A: It could very well be that she was having a bad day and her coldness has nothing to do with you. Maybe she had a headache, was tired, or stressed, and you bore the brunt of it. If you have had multiple phone calls with this person, then remember, she picked up the phone. If she was blowing you off, she probably would have let it go right to voice mail.

However, I am a big believer in addressing the elephant in the room…if the elephant is still in the room. Here is how I would go about this:

  1. Do you have an excuse to reach back out? For example, if they were going to be working on some container plantings for improving curb appeal at the front door and you notice there is a plant sale somewhere, that is a great excuse to reach out.
  2. Call first. Hopefully she picks up. If so, start with something like this, “Julie, I was calling because I think the planters by your door still need to be planted and I just went by The Plant Store and they have a lot of the plants we were looking at for 50% off. What do you think?” By leading with an open-ended question, she should have more than just a yes or no answer for you and you can get a feel for how her cold factor is playing out.
  3. If she isn’t cold, then she was probably having a bad day. If the cold is still there, then you have an elephant in the room that must be addressed.

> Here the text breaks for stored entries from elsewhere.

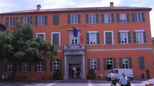 Fr�jus (pop 52,000) was the first city in Gaul (old France) founded by Julius Caesar when he marched in here in 49 BC and conquered it. As I approached the old town I found a stationary store open and went in and bought some markers to mark the map as we travel (I forgot to bring one with me.) I arrived in the center of town at 11:10 (which is semi-pi�tonne or semi-pedestrian - whatever that means) and saw the H�tel de Ville (city hall). I begin to notice that there are statues of Mary high up on many corners of buildings.
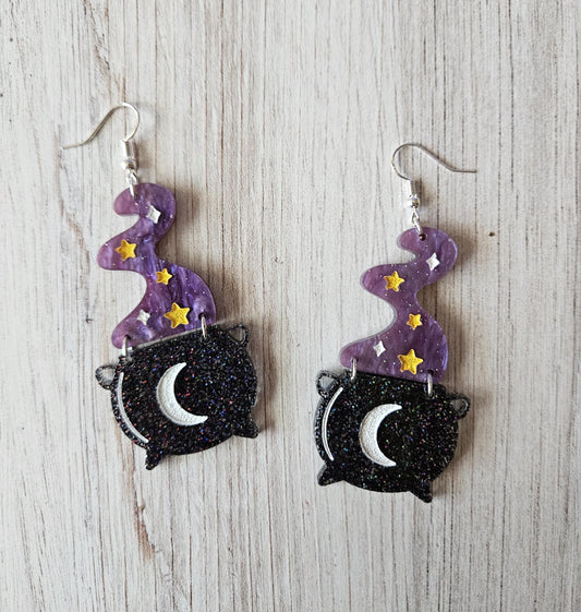 Purple Smoking Cauldron Acrylic Dangle Earrings
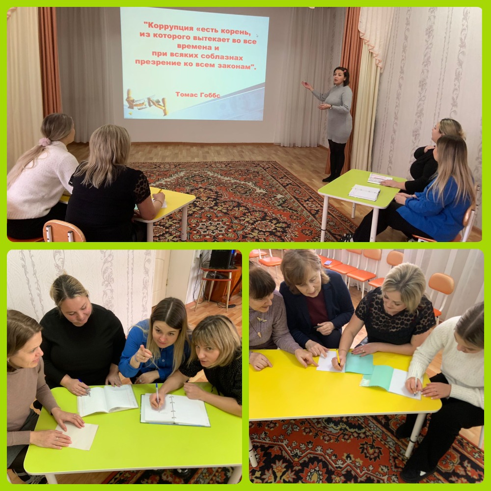 05.12.2023г. Прошло совещание с работниками детского сада на тему «Соблюдение законодательства в области противодействия коррупции» в форме семинара. Ответственный за антикоррупционную политику — Бородина М.Н. вместе с педагогами обсудили виды коррупционных правонарушений (дача взятки, получения взятки, посредничество) в форме беседы, игры. Составили памятки по теме антикоррупции.
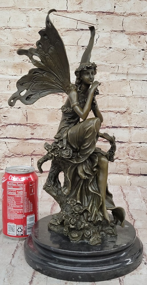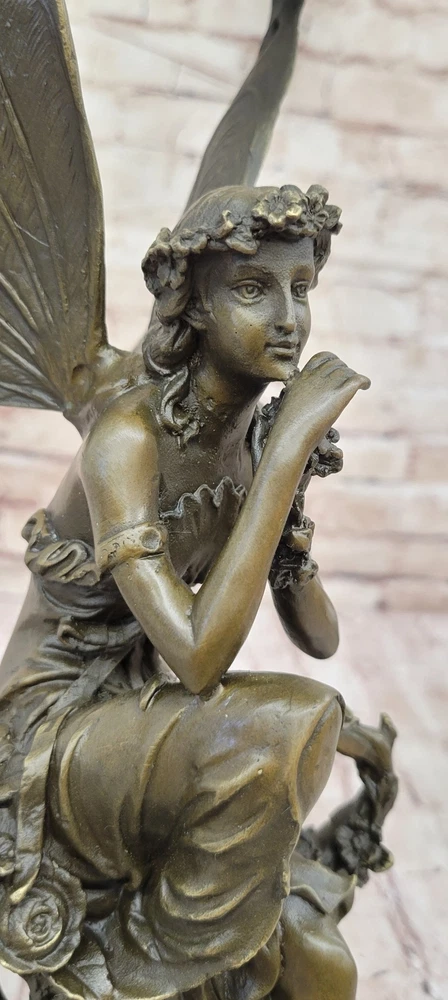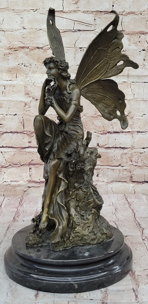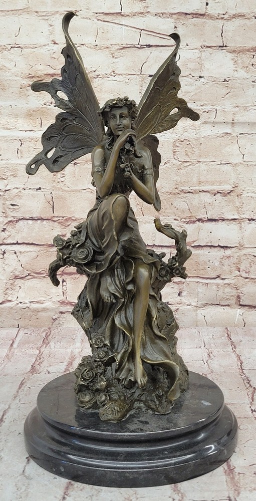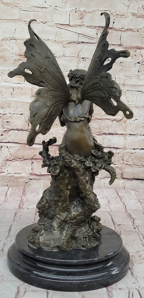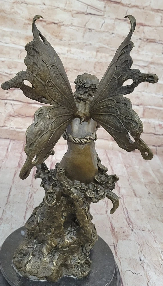 Condition : This sculpture is in perfect condition. Bronze Dimensions with Marble Base: Height 15" X Width 7.5" Marble Dimensions: Diameter 7.5" Height without base:14" Weight:14 LBS Inventory:21YDZ0828512 Embark on a journey of enchantment and celestial bravery with the mesmerizing sculpture titled "An Fairy Flies from Heaven." From the celestial realms, this ethereal being descends, a harbinger of hope and a defender against the shadows that seek to engulf our world. With a divine purpose, she dons a flowing robe and graceful sandals, her wings outstretched as if in a radiant proclamation. Her presence resonates with the very essence of salvation. Captured in intricate detail, the sculpture embodies a sense of mystical vigor. Crafted through the revered "lost wax method," the sculpture boasts a captivating brown patina that captures the play of light and shadow, further emphasizing the celestial nature of the fairy's mission. Poised atop a black marble base, her form stands as a testament to the delicate balance between realms, and the intricate nuances of her features unveil the artist's devotion to his craft. Artist Cesaro's signature graces the sculpture, affirming its authenticity and the mastery that has gone into its creation. With wings extended and a message of hope carried in her aura, "A Fairy Flies from Heaven" is not merely a sculpture; it's a bridge between worlds, a symbol of unwavering light in the face of darkness. Let this masterpiece grace your space, inspiring a sense of wonder and courage that knows no bounds. Signed Original Sexy Fairy with Wing Bronze Art Nouveau Sculpture Figurine Decor Video will open in a new window Using the eBay App? Paste link into a browser window: [isdntekvideo]

To address the elephant, you can simply say, “Julie, I may be wrong, but I am getting the feeling that you are upset about something. I care about you and if there is something I did, I want to make it right.” At this point, she will likely do one of three things:

  • Apologize and say that she is upset about something else and that it has nothing to do with you.
  • Tell you what she is upset about which will allow you to work through it.
  • Continue to be cold.

The third point is the only one you really need to worry about. If she is still cold, try again to connect with her in a few days. Remember, you can’t control what she does. You can only control how you react, so don’t spend too much of your energy on this worrying about all the possibilities.